Mathematical modeling and decision-making within the healthcare industry have given means to quantitatively evaluate the impact of decisions into diagnosis, screening, and treatment of diseases. In this work, we look into a specific, yet very important disease, the Alzheimer. In the United States, Alzheimer’s Disease (AD) is the 6th leading cause of death. Diagnosis of AD cannot be confidently confirmed until after death. This has prompted the importance of early diagnosis of AD, based upon symptoms of cognitive decline. A symptom of early cognitive decline and indicator of AD is Mild Cognitive Impairment (MCI).
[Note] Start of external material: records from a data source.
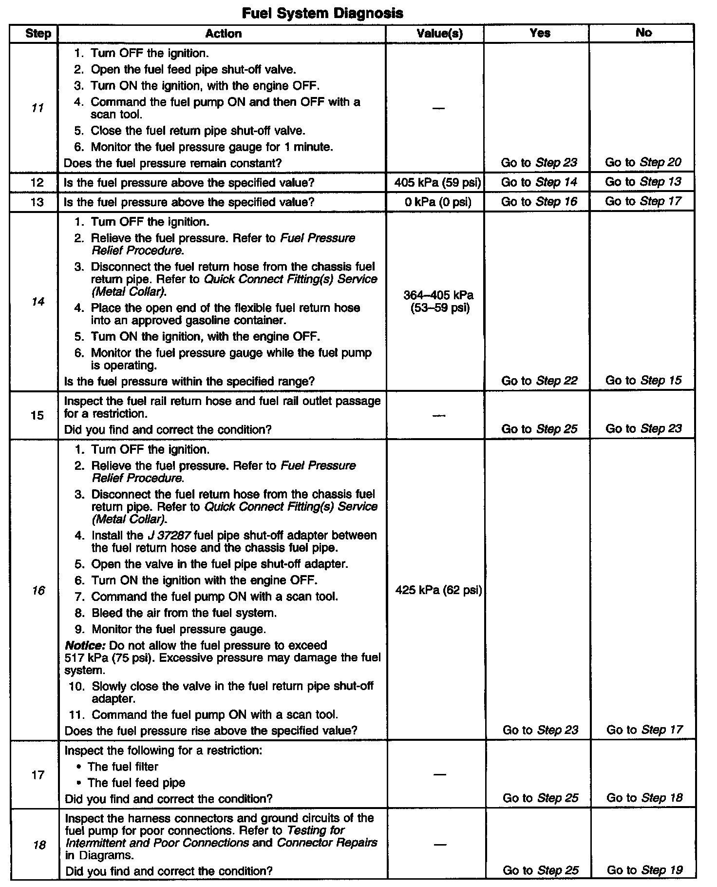 14. This step tests for a restricted fuel return pipe. If the fuel pressure is within the specified values, a restriction in the fuel return pipe is indicated.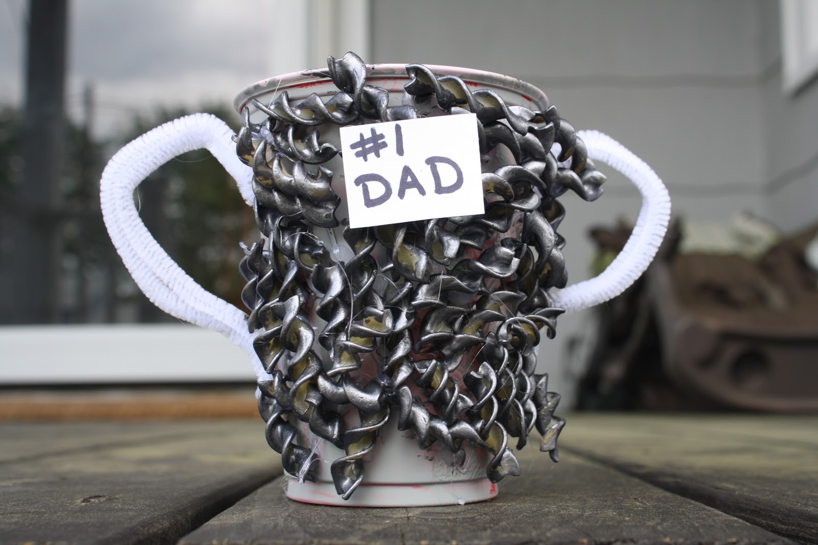 First paint the cup & let it dry. Paint the pasta & let it dry. Bend pipe cleaners to look like handles & glue to cup. Glue the pasta around the cup. Glue on little sign that says “#1 Dad”. Give Dad his trophy!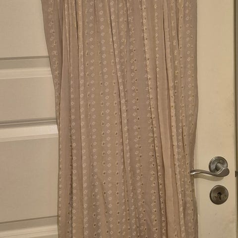 Lang,smal kjole i satenglignende stoff. Behagelig på. Tubekjole med føyelig strikk bak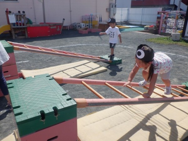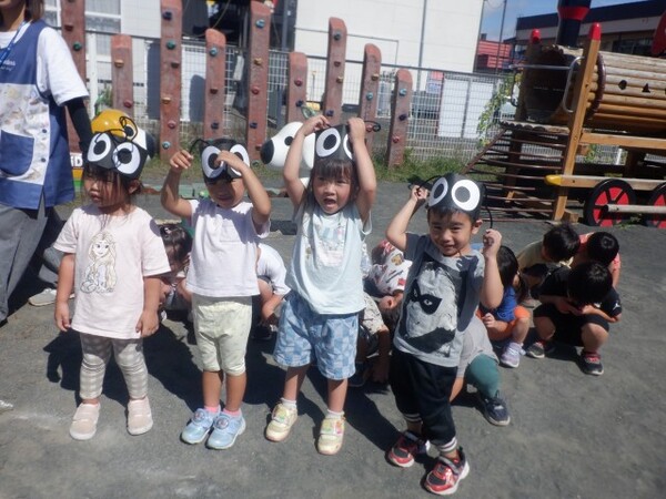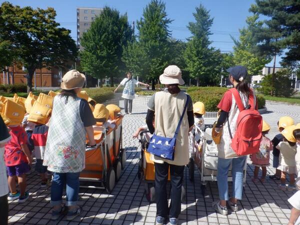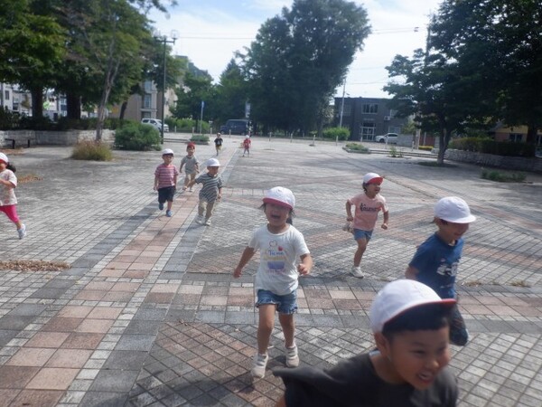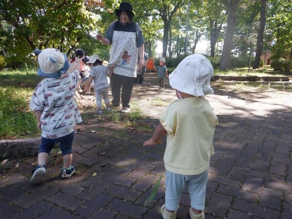 | 9月11日 木曜日 久しぶりに遊歩道までお散歩! ひさびさのお散歩で ルンルン気分のすみれさん お友達とのお話が弾んだよ 公園についたら 早速 虫探し! ありだあ〜! 変な虫がいるよ! おにごっこしょう! こおり鬼しよう! みんなで好きな遊びを楽しんだよ 久しぶりのお散歩 たのしかったね |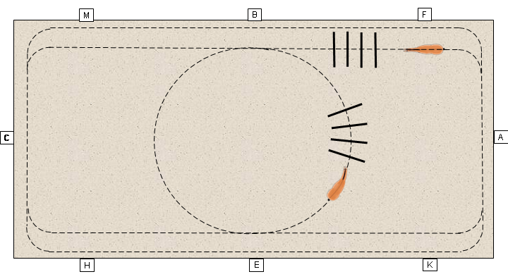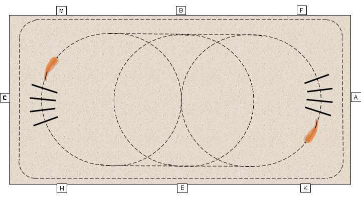 Das Pferd soll auf gerader Linie über die Cavaletti traben, eine Dreiviertelvolte mit entsprechender Längsbiegung ausführen und wieder geradegestellt zwischen den mittleren Bodenstangen durchtraben. (Nach vier Durchläufen entsteht aus der Hufschlaglinie die Form eines Kleeblatts.)

In addition to this qualitative test, Biomarker tests have been proposed in the medical field including p-Tau, FDG-PET, and hippocampal. These tests can be administered to patients as early detectors of AD thus improving patients’ life quality and potentially reducing the costs of the health structure. Preliminary work has been conducted in the development of a Sequential Tree Based Classifier (STC), which helps medical providers predict if a patient will contract AD or not, by sequentially testing these biomarker tests. The STC model, however, has its limitations and the need for a more complex, robust model is needed. In fact, STC assumes a general linear model as the status of the patient based upon the tests results. We take a simulation perspective and try to define a more complex model that represents the patient evolution in time.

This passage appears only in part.